When uploading a dataset, categorical variables can be specified by listing them explicitly. If categorical variables are not provided, automatic detection will be run. By default, any column containing at least one non-missing string value will be considered a categorical variable.

There are some restrictions when it comes to using categorical data in Tangent. Anomaly Detection does not support categorical data. Only numerical and Boolean variables should be used when working with this module. In Forecasting, categorical data is supported except for using it as the target variable for classification purposes. Categorical data can be used as predictors or features in your analysis, but cannot be set as the target variable for classification.

## Variables

### Target

Each dataset to be analyzed should contain exactly one target variable: the variable to forecast for or detect on. The observations of this variable usually correspond to the second column of the dataset. Again, it is possible for a user to indicate a different target column.

### Explanatory variables or predictors

Tangent supports multivariate time series analysis. This means that if desired, more variables with potential explanatory power can be added to enhance modeling results. Any remaining dataset columns (i.e. any columns except the timestamp and target columns) can contain these potential explanatory variables or predictors. Tangent will only take into account those variables that are relevant for a specific modeling use case; however, a user can still configure this to overrule Tangent’s default behavior and avoid some variables or some variable transformations to be taken into account.

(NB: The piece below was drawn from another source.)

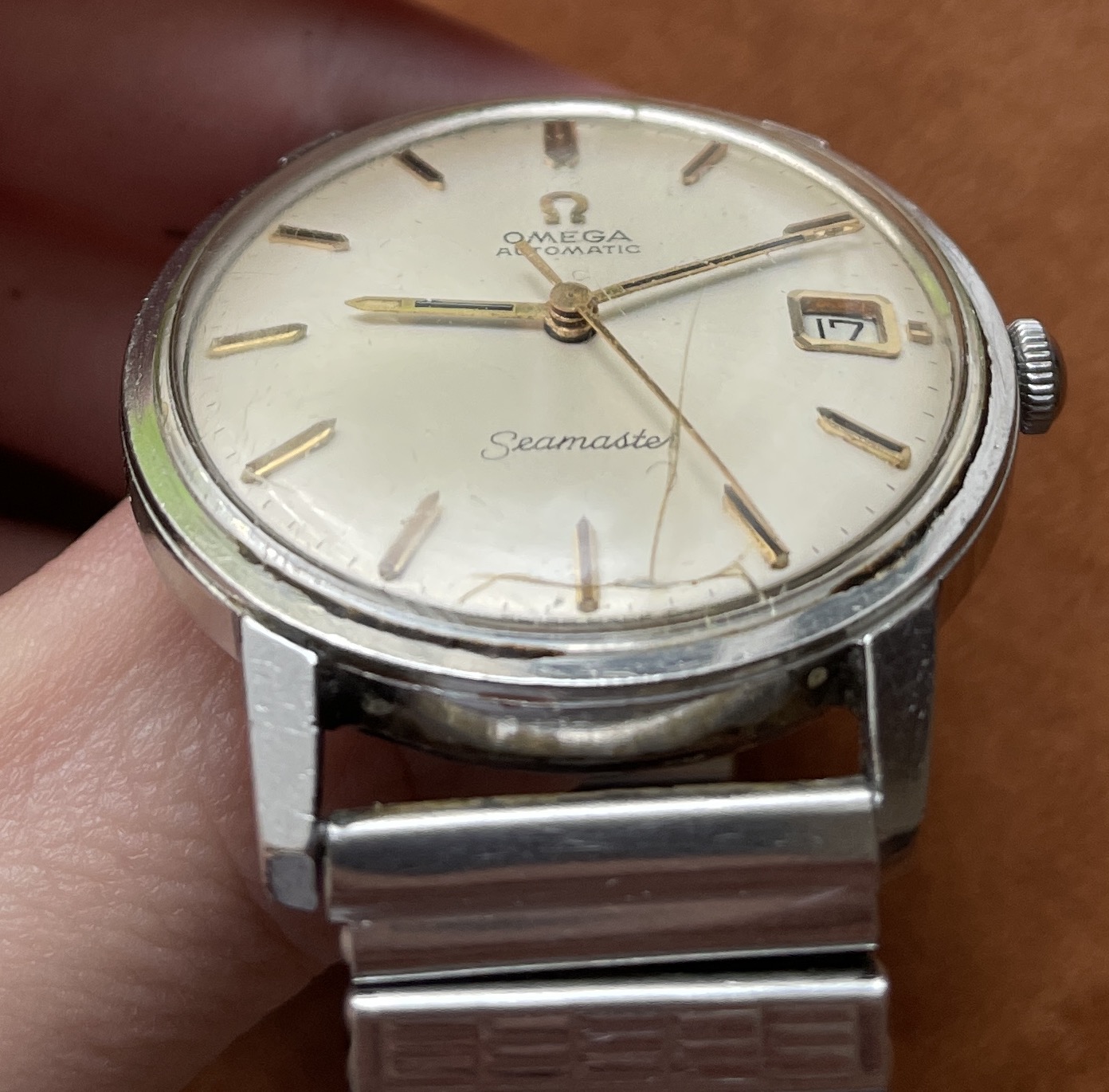 crystal: original crystal with omega logo in the middle. There is a large line/crack at 6, and a new crystal is required.

### Predictors and their forecasts

In some applications, there are predictors for which the values can be "known" in advance - their forecasts have been made. (Examples include binary variables indicating public holidays, or meteorological variables that have been forecasted.) The quality of these forecasts tends to vary across datasets, as well as in a single dataset across measuring instruments. Meteorological predictors, for example, can be of largely varying quality depending on the instruments used to collect their values. Predictors like these have both historical actuals and forecasts. Because of this variation in quality, it can be beneficial to take into account which observations contain historical actuals and which contain predictor forecasts and to potentially treat them differently. In general, it's preferable to build your models using historical actuals and then use the predictor forecasts for model evaluation in back testing and production. Tangent can handle such variables as it supports varying data availability per variable and generates models that are aware of the situation they have been built in.

### Missing data or gaps

The strings "", "na", "nan", "n/a", "missing", "null", "none", "nothing" are ignored by Tangent, and thus these cases are considered as missing values for categorical variables.

For other types of variables, Tangent tries to parse every value to a float. If it cannot, it will consider the value to be missing. Examples of values interpreted as missing are *null* values, categorical (non-Boolean) valuables, NA strings and infinity markers. This is not a problem though, as Tangent can handle missing data during model building, and also offers multiple ways to impute missing data.